Recorded data
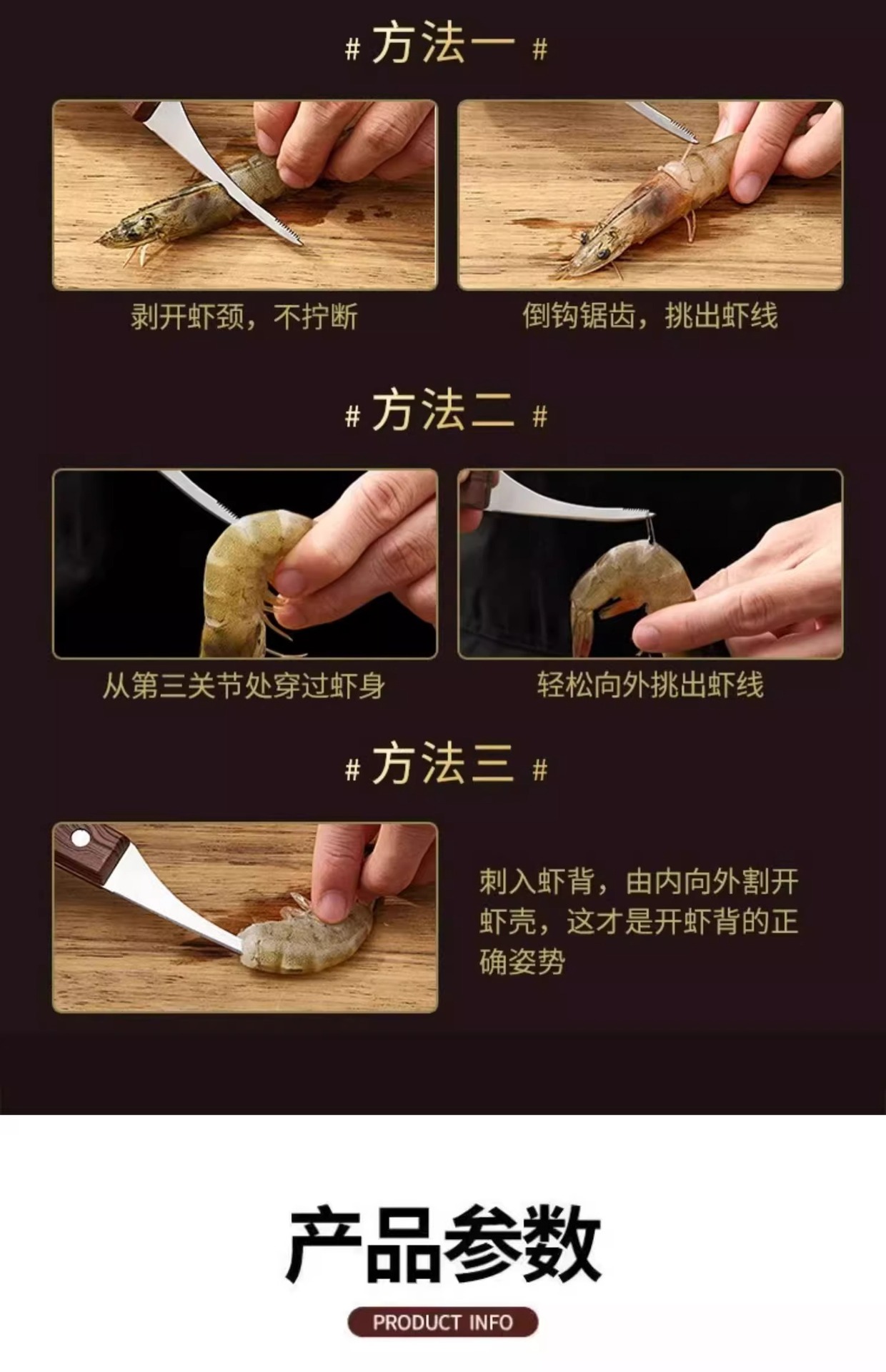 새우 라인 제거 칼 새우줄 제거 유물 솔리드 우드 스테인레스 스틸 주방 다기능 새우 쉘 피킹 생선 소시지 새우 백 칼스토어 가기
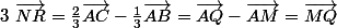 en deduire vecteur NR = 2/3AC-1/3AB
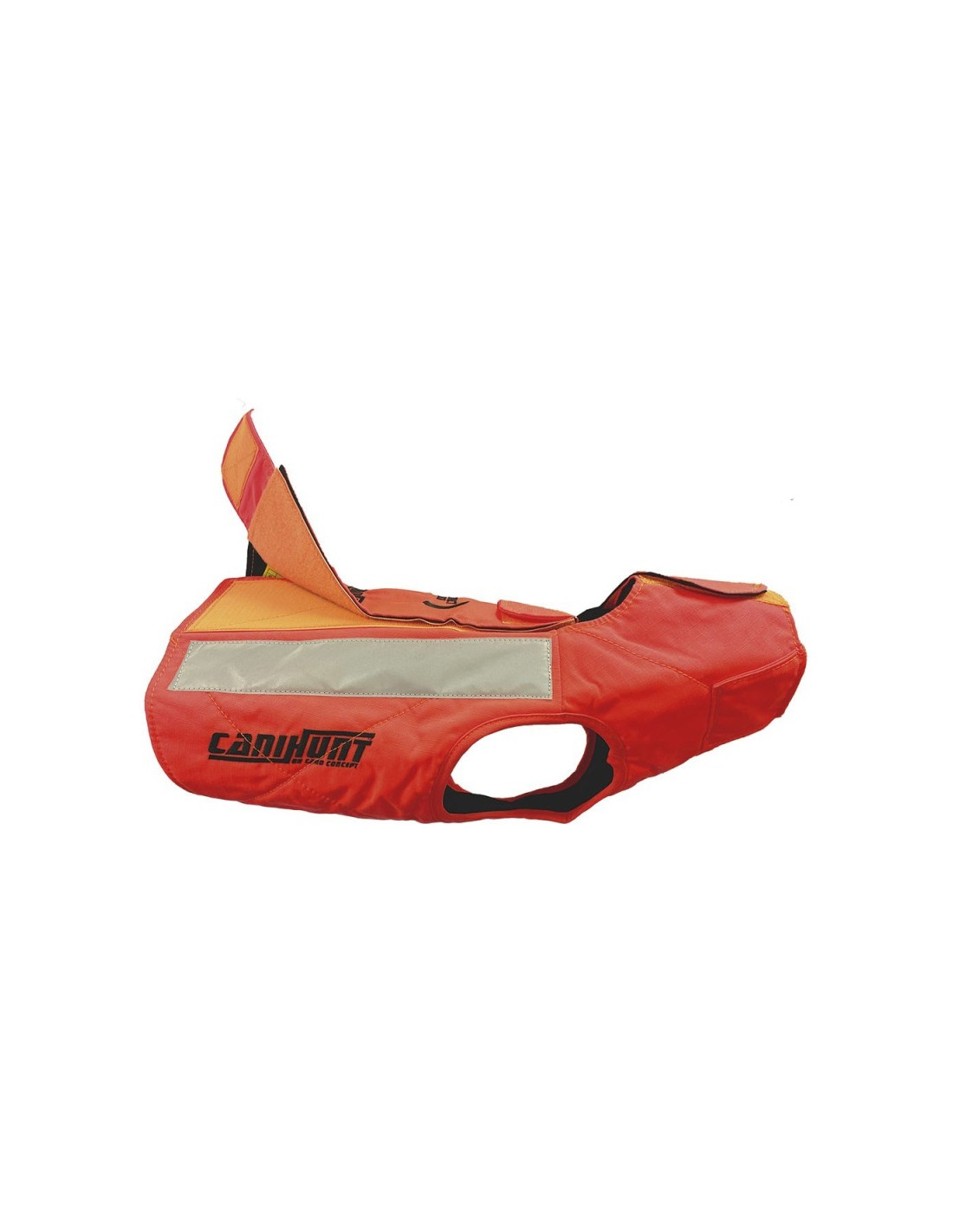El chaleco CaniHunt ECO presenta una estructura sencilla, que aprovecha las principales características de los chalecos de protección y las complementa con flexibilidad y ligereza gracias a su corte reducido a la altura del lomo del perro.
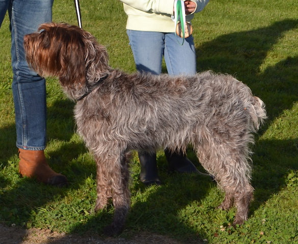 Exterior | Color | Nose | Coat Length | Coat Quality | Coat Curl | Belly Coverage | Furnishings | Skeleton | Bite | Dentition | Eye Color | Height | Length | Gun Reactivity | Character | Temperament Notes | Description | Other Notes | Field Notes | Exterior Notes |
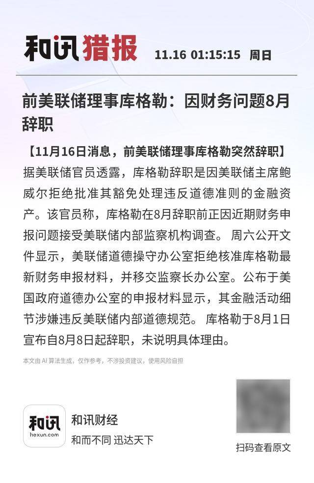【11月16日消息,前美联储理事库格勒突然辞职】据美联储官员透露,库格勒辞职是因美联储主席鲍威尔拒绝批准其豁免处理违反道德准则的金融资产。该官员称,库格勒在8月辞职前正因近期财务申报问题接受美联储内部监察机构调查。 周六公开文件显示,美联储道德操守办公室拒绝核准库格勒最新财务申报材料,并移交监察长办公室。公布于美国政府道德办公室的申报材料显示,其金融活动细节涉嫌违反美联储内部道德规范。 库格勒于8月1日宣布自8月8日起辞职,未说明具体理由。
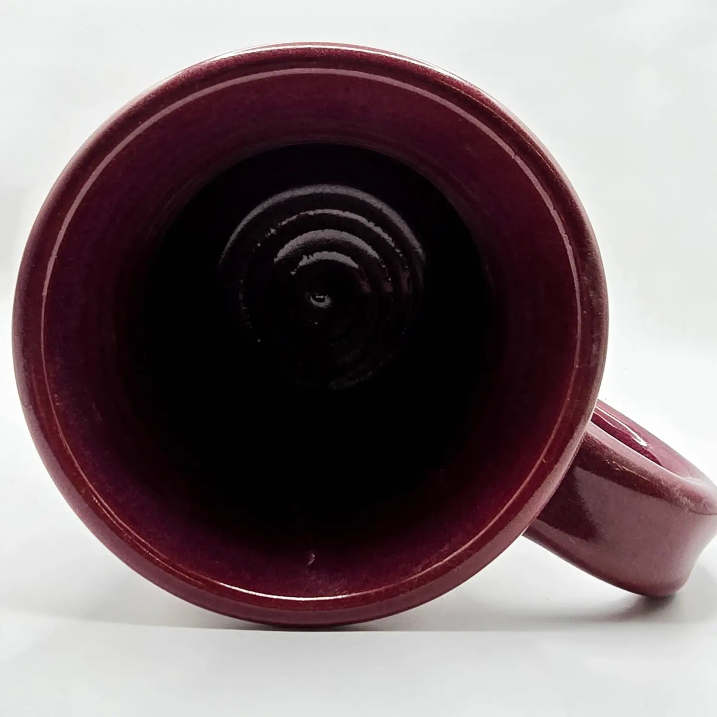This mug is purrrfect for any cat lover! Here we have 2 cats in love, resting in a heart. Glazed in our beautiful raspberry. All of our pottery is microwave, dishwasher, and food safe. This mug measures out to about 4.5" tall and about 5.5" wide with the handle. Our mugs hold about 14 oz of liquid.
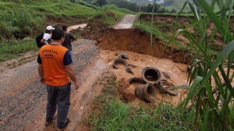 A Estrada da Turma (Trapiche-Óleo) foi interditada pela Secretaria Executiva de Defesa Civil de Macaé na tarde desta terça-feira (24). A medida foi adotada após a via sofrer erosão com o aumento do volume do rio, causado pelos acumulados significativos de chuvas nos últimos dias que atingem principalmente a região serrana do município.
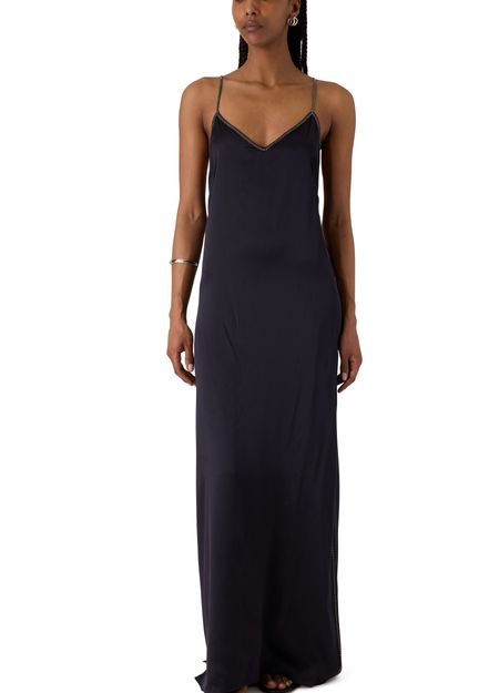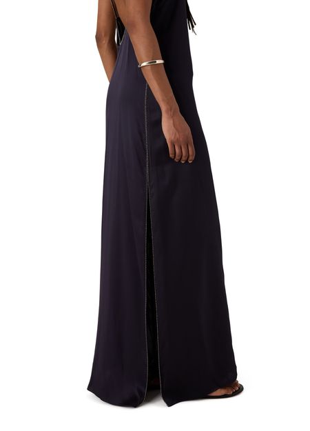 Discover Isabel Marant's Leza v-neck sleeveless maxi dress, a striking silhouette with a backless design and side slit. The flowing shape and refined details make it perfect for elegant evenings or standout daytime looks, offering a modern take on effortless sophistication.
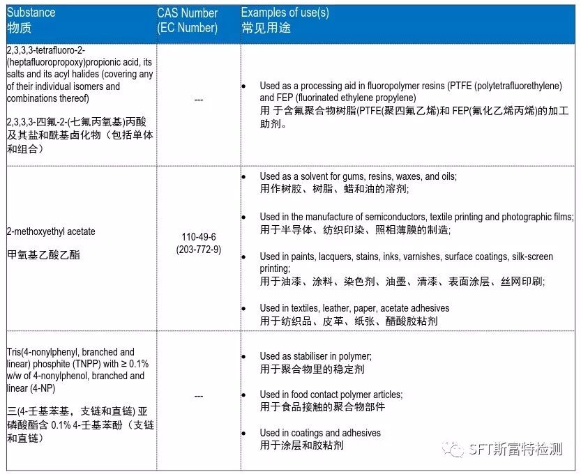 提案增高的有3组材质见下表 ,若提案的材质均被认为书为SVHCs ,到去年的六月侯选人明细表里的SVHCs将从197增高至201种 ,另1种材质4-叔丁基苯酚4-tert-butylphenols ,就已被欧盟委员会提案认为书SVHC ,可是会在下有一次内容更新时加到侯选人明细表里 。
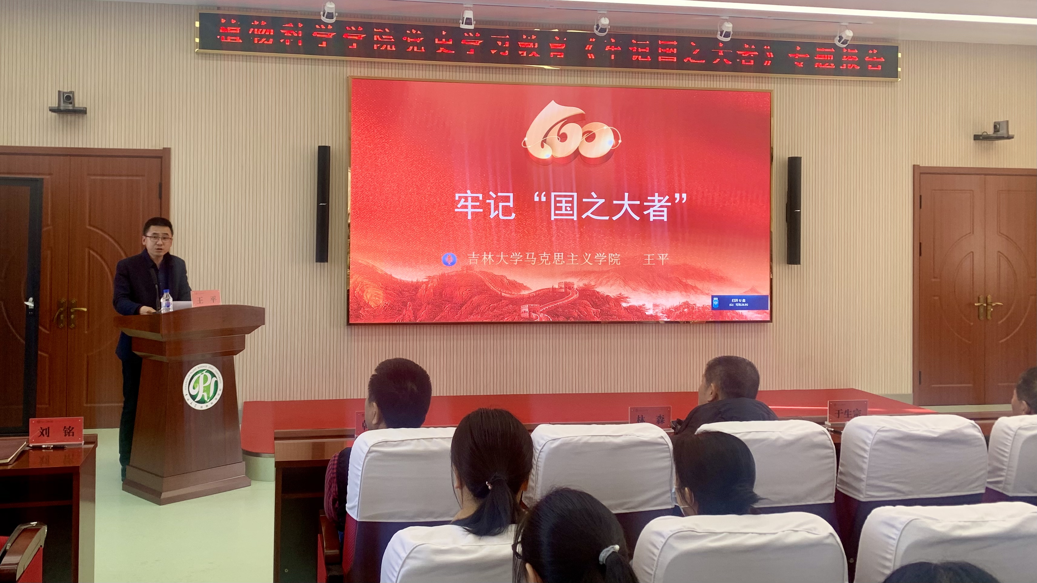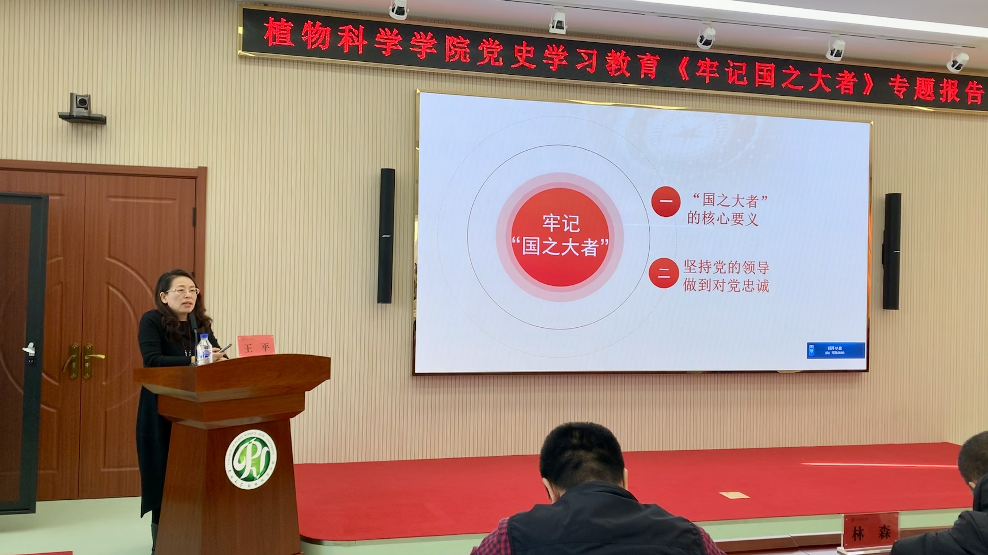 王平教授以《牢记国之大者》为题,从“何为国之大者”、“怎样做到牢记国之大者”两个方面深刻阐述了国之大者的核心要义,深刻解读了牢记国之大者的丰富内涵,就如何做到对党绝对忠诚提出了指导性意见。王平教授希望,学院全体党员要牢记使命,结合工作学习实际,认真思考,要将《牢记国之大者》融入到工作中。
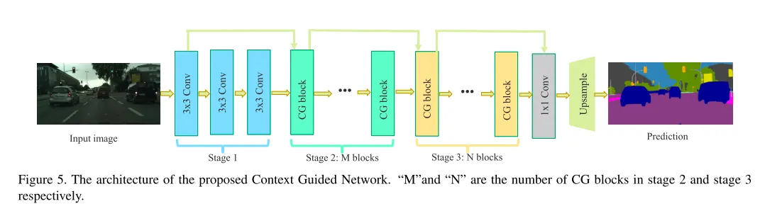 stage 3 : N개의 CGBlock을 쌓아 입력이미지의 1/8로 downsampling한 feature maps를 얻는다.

▸ WHAT IS EXPECTED
Only the lines from the start of the records to the line with "Exterior | Color" belong in the copy. Print them exactly, minus pictures.

▸ RESULT OF THE TASK
 새우 라인 제거 칼 새우줄 제거 유물 솔리드 우드 스테인레스 스틸 주방 다기능 새우 쉘 피킹 생선 소시지 새우 백 칼스토어 가기
 en deduire vecteur NR = 2/3AC-1/3AB
El chaleco CaniHunt ECO presenta una estructura sencilla, que aprovecha las principales características de los chalecos de protección y las complementa con flexibilidad y ligereza gracias a su corte reducido a la altura del lomo del perro.
 Exterior | Color | Nose | Coat Length | Coat Quality | Coat Curl | Belly Coverage | Furnishings | Skeleton | Bite | Dentition | Eye Color | Height | Length | Gun Reactivity | Character | Temperament Notes | Description | Other Notes | Field Notes | Exterior Notes |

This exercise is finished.